I think a lot of people just go by mass media and don't do homework, and that's frustrating; I think a lot of people will, based on this or based on their own misconceptions, push agendas and present plain erroneous information, and that's aggravating.
no subject
Date: 2009-12-28 02:17 am (UTC)Nah, not your fault, I'm just pedantic. Mostly I was wondering if the reason some people think depression is treated with antipsychotics is because of that occasional situation, or because they've confused it with borderline or bipolar or something.
no subject
Date: 2009-12-28 05:05 am (UTC)Blah I dunno man! It seems a lot of people don't wanna bother with 'homework' even if it's just basic lolwiki. And I keep going like, 'half my friends who want to be pro authors cannot google WHYEEEEEE' because you guys have never been strangers to doing the dang research, and Drak and Kyl and the hootenanny are the same - but then there's this other bunch who apparently have broken google fingers? I don't even know man.
no subject
Date: 2009-12-28 05:07 am (UTC)no subject
Date: 2009-12-28 07:00 am (UTC)Or like, CSI or House.
(though! I will give CSI that they managed to get BDSM kinda right in a bunch of respects that are usually dicked up beyond reason.)
no subject
Date: 2009-12-28 07:22 am (UTC)Also, seriously, I'm kinda tired of people saying that the medical profession is all evil and we're out to kill you. Uhm... if certain medicines weren't here, a lot of people also would not be here through their own hand or body. :( In sort, word.
no subject
Date: 2009-12-28 05:44 pm (UTC)I mean, like - Isaac has PTSD and understandably so. And I did my homework about it, because - well, a lot because I'm a perfectionist but mostly because I don't like when things I or people dear to me deal with are messed up, so I should be careful about other people's stuff. (Although some of Isaac's deal is drawn from my own junk ahahahahhahaha blargh.)

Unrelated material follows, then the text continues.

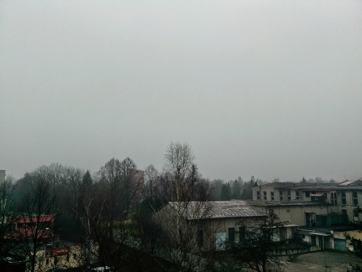 Kouřmo, Harusův kopec zahalen v nízké oblačnosti. Vítr severního směru 9 km/h, tlak 1019,7 hPa a vlhkost 95 %. Dohlednost do 3 km.
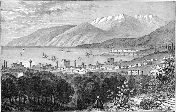 We now bid adieu to Beyrût, with its cedar clad hills, its orange, lemon and banana groves, its curious bazaars, its bustling lanes and its busy quays, and embark on board an Austrian steamer for Port Said, where we find the Peninsula and Oriental Southampton steamer, Venetia, which lands us at Malta, off which interesting island we see a remarkable sight—five waterspouts in a row in full swing; they are very fortunately a long distance off. After a day’s rest there we cross over to Sicily, to Syracuse, still infamous for deeds of blood, as of old, and celebrated for its ruined theatre, where Æschylus, before 20,000 sympathetic listeners, was wont to recite his immortal tragedies. Here also is the rock-hewn “Ear of Dionysius,” where a penny popgun goes off with the report of a pistol. It was visited by St. Paul on his way from Malta to Rome. Arriving before dawn, we are glad to get a little loaf of bread for breakfast, and find it well worthy of the lovely island of Ceres, moist and wholesome, so that we can comfortably swallow it without the coffee we cannot get. We next come to Catania, famous for its sulphur and nitre mines, the starting point for the ascent of Etna; and then pass the Scagli-de-Cyclopi—the rocks flung fruitlessly at Ulysses by the once one-eyed, but then blind cannibal giant 54Polyphemus, who, however, took better aim at the unlucky lover of Galatea, whose blood still poetically flows in the little river in memory of him, the Acis which we soon after pass, and then we come to that beautiful Sicilian Ehrenbreitstein Taormina.

Like I have friends with bipolar disorder, friends with OCD, people dealing with depression from SADS to dysthymia to 'fuck this I'm not getting out of fucking bed because existence as a whole means nothing and is going to end anyhow' (which was a song and dance I did intermittently - comorbid issues is like a bunch of bad roommates in your head :B and I'm very glad that with you guys I can SAY 'yeah I have a mind that does some very peculiar things both because of heredity and chemistry and because of my childhood being weird in a very insidious way' and not have people think I'm trying to brag or make excuses or self diagnose or blahbleeglugnargh) - I have triends with PTSD and C-PTSD - and I want to depict what they deal with properly and RESPECTFULLY. It's crummy enough dealing with your brain going 'doot de doot doot doo de doot de doo *kicks in nuts*' without your having to deal with stupidness like mediafail on top of it.
Especially from friends!
And - yeah. WORD on the medical profession thing. Yes, there are jerk doctors; no, no system is perfect. But i've had AMAZING doctors and damn it I wish everyone could have docs like mine.